To verify the IP/MS results, we prepared antibodies specific to mosquito H2A. The same IP steps were used to precipitate JEV and bound proteins, and then WB was performed with the anti-H2A antibody. The results showed that H2A could bind to JEV as presented in Fig. 1D.

H2A promotes JEV infection in vivo and in vitro

To further analyze the effect of H2A on JEV infection, mosquitoes exposed to JEV via blood meal and C6/36 cells were inoculated with JEV. H2A mRNA levels were then measured at indicated time points postinfection (Fig. 1B). RT-qPCR data indicated the H2A upregulation in both JEV infected mosquitoes and C6/36 cells (Fig. 1E, G). Mock infection of mosquitoes and cells were used as controls. Next, we designed and synthesized siRNA oligos against mosquito H2A and introduced the siRNA into cells by transfection or in mosquitoes through intrathoracic injection. All siRNA and primer sequences are lists in Supplementary Table S1. Mock infection or negative siRNA was used as a control.

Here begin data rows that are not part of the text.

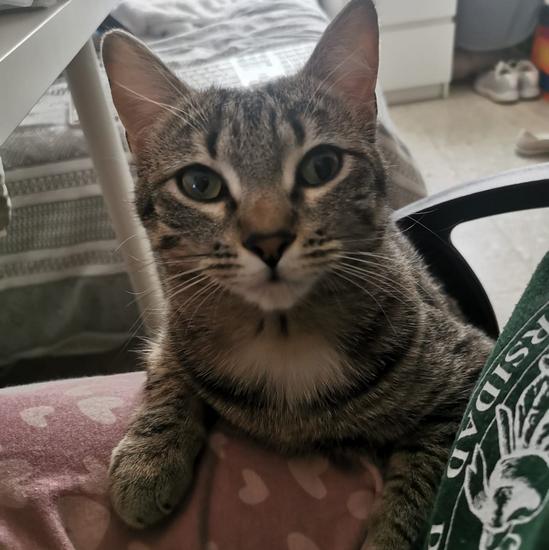 Shira, como la mayoría de nuestros Zaragatos fue abandonada. En su casa de acogida ha resultado ser una gata muy cariñosa, tranquila y buena. Aunque tiene sus momentos de juegos con su compi gatuno.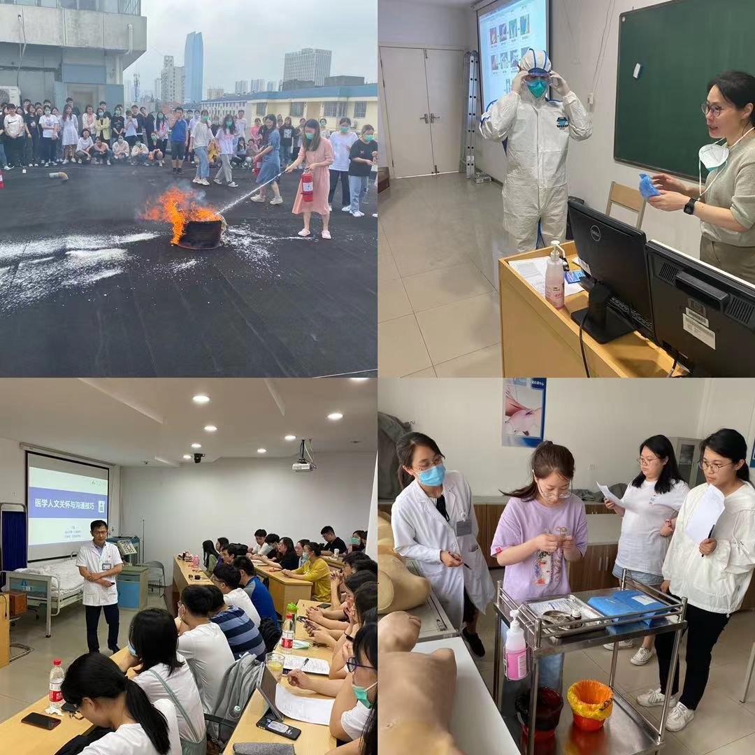 在李翀副院长的关心指导下,教育处精心安排,各科室给予大力支持。本次岗前培训的内容丰富全面,医务处汪强副处长讲授了《医学人文关怀和沟通技巧》、全科教研室潘颖副主任讲授了《模拟诊疗问诊技巧及体格检查》、保卫处陈赟处长培训了《消防安全知识》并进行了现场演练,以及其他专业知识丰富的老师专家从急救技能、院感防护、临床基本技能操作等多方面对实习医师进行了培训与考核,期间同学们互动气氛热烈,收获满满。同时实习医师们也参观了院史馆,深入了解了医院的历史发展历程,领略了茧园风采,感受颇深。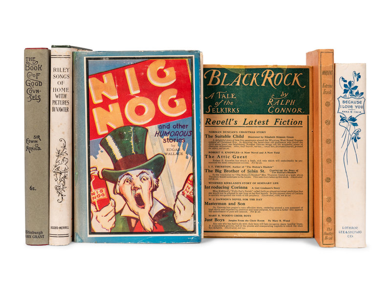 Because I Love You, poems of love. Selected by Anna E. Mack. Boston: Lothrop, Lee, and Shepard Co., 1894. 8vo. Original publisher’s cloth, original pictorial dust jacket. -- CONNOR, Ralph (1860-1937). Black Rock: A Tale of the Selkirks. New York, Chicago, and Toronto: 1900. 8vo. Original publisher’s cloth, original pictorial dust jacket. -- TRASK, Katrina (1853-1922). Night & Morning. London and New York: John Lane, 1907. 8vo. Original publisher’s cloth, original pictorial dust jacket (clipped). -- RILEY, James Whitcomb (1849-1916). Songs of Home. Indianapolis: The Bobbs-Merrill Company, 1910. 8vo. Pictures by Will Vawter. Original publisher's cloth, original pictorial dust jacket. -- ARNOLD, Sir Edwin Arnold (1832-1904). The Book of Good Counsels, from the Sanskrit of the Hitopadesa. Edinburgh: John Grant, 1924. 8vo. Illustrations by Gordon Browne. Original publisher’s cloth, original pictorial dust jacket. -- WALLACE. Edgar (1875-1932). Nig Nog and other Humorous Stories. Cleveland and New York: The World Syndicate Publishing Co., 1934. 8vo. Original publisher’s cloth, original pictorial dust jacket (clipped).
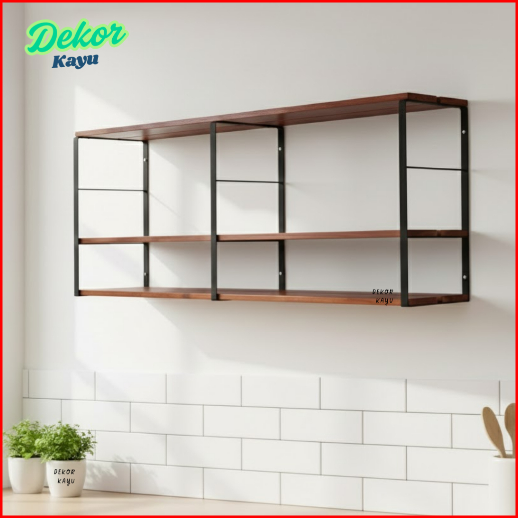 Tig Rak Susun Buku Sepatu Dinding Besi Dan Ambalan Kayu Tig Rak Susun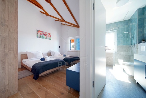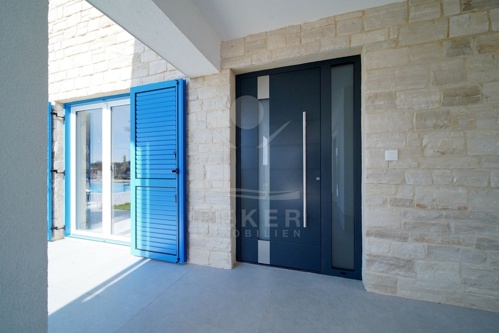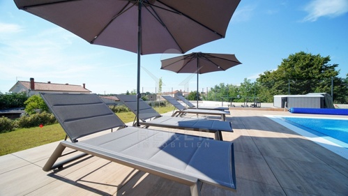 Nur wenige Minuten von Višnjan entfernt erwartet Sie dieses moderne Steinhaus, ruhig gelegen und umgeben von gepflegten Häusern sowie sanfter Landschaft. Einkaufsmöglichkeiten, Restaurants und der historische Ortskern sind schnell erreicht. Nach Poreč und zur Küste fahren Sie etwa 20 Minuten. Auf dem komplett eingefriedeten Grundstück stehen drei private Stellplätze bereit.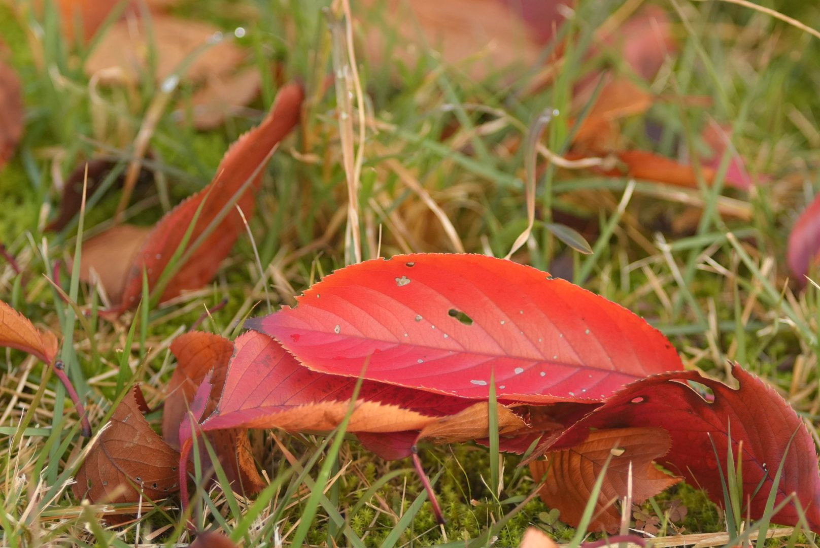 サクラの落ち葉が一面に落ちています。 緑の芝生との対比が赤をより際立たせています。 マクロ150mm F8 でマニュアル撮影しました。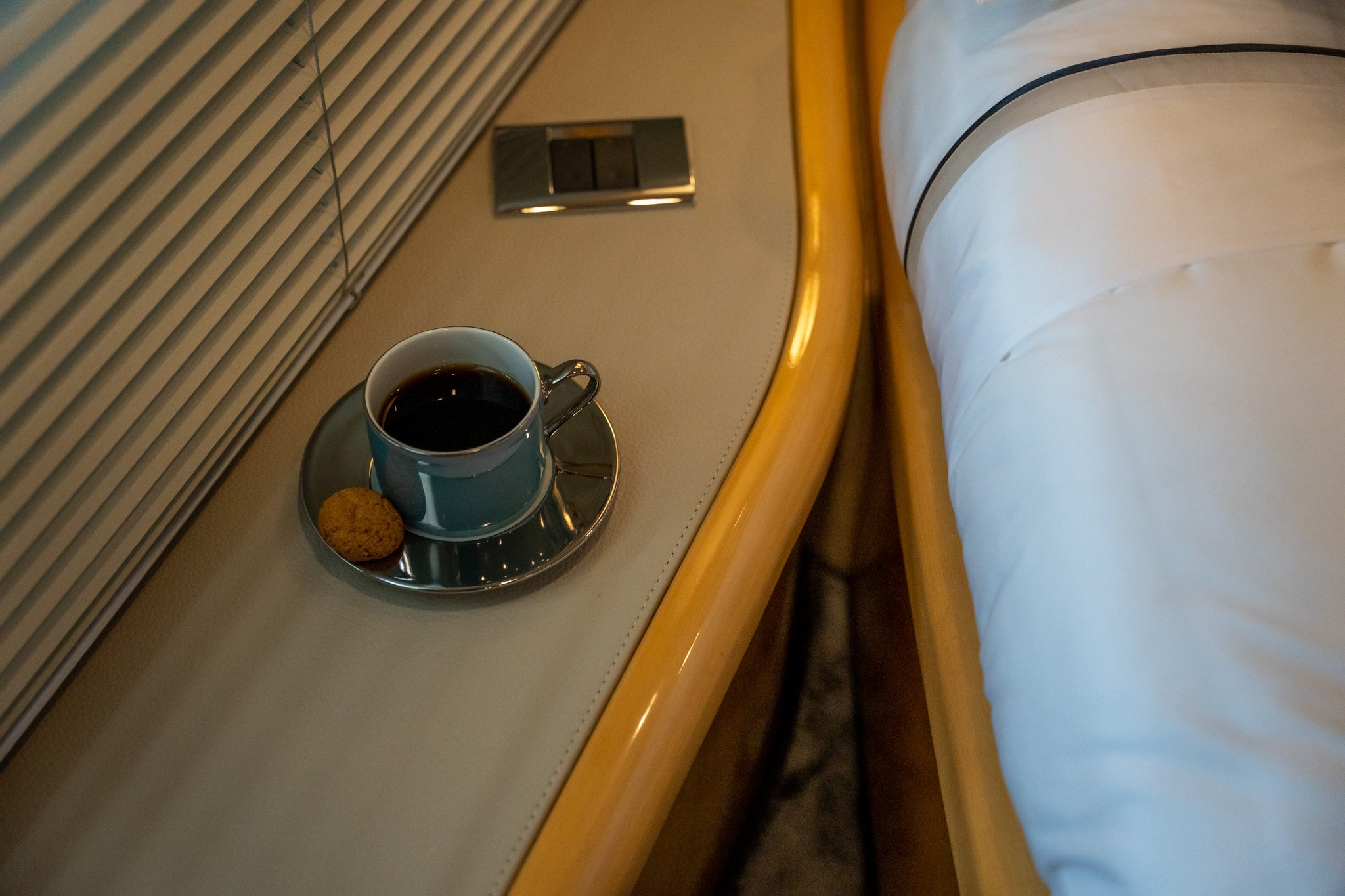 As with all areas aboard – all headlings & sidelings have been replaced, curved leather has been added to the sideboard units to reduce the amount of exposed timber. The headboards beautiful fluting pattern has also been applied to the Stateroom sofa backrest.
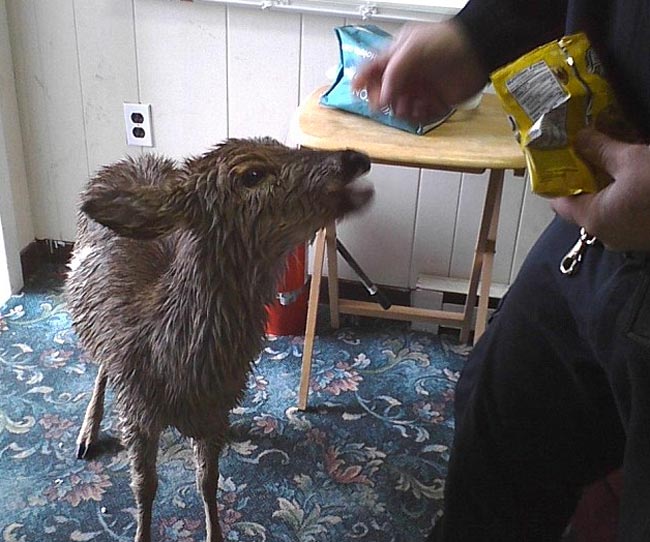 Pelastajat käärivät henkensä säilyttäneen peuran vilttiin. Pelastamisen jälkeen koitti vielä ihastuttava hetki, kun pienokaisen perheenjäsenet saapuivat paikalle ja ryhtyivät nuolemaan kylmissään olevaa vasaa. Poliiseilla ei ollut pienokaiselle juuri tarjottavaa, joten he syöttivät sille ensi hätään popcornia. Poliisilaitos julkaisi kuvia tapauksesta poliisilaitoksen verkkosivuilla.
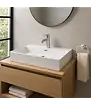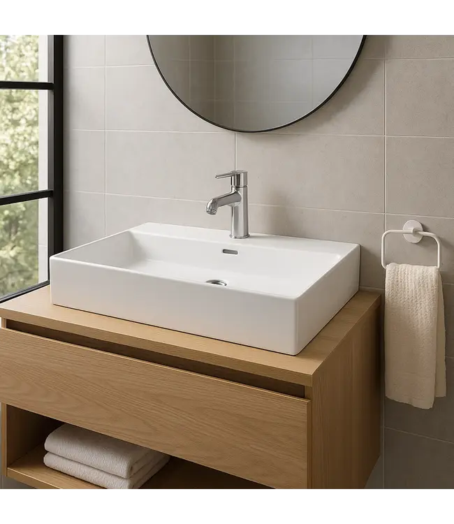Deze wasbak badkamer is ideaal voor plaatsing op een onderkast of badmeubelblad. Door zijn slimme formaat en moderne vormgeving past hij perfect bij diverse onderkasten uit ons assortiment, wat zorgt voor een naadloze afwerking van jouw wastafel badkamer – én dat voor een scherpe prijs.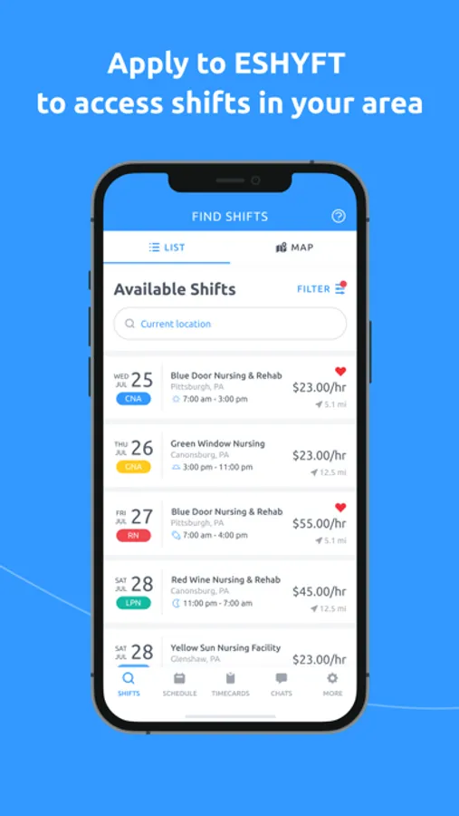 Find and apply for CNA, LPN, and RN shifts through the new ESHYFT app, the best way to earn additional income. Select the shifts that work for you, enjoy flexibility while doing the job you love.

We then performed viral infection in both cell culture and mosquitoes as stated above and evaluated the viral replication by RT-qPCR. In C6/36 cells, H2A interference significantly reduced the level of JEV replication at 6- and 9-days postinfection (dpi) (Fig. 1F), with the JEV mRNA level in the H2A-interference group being ∼1.5-fold less than that in the control group. In mosquitoes, interference with H2A expression also significantly reduced JEV mRNA levels in infected mosquitoes, and the JEV mRNA in the H2A-interference group was ∼1.5-fold less than the control group at seven dpi (Fig. 1H). These results suggest that H2A might promote JEV infection of mosquito vectors. All infection experiments were based on effective RNAi (Fig. 1I).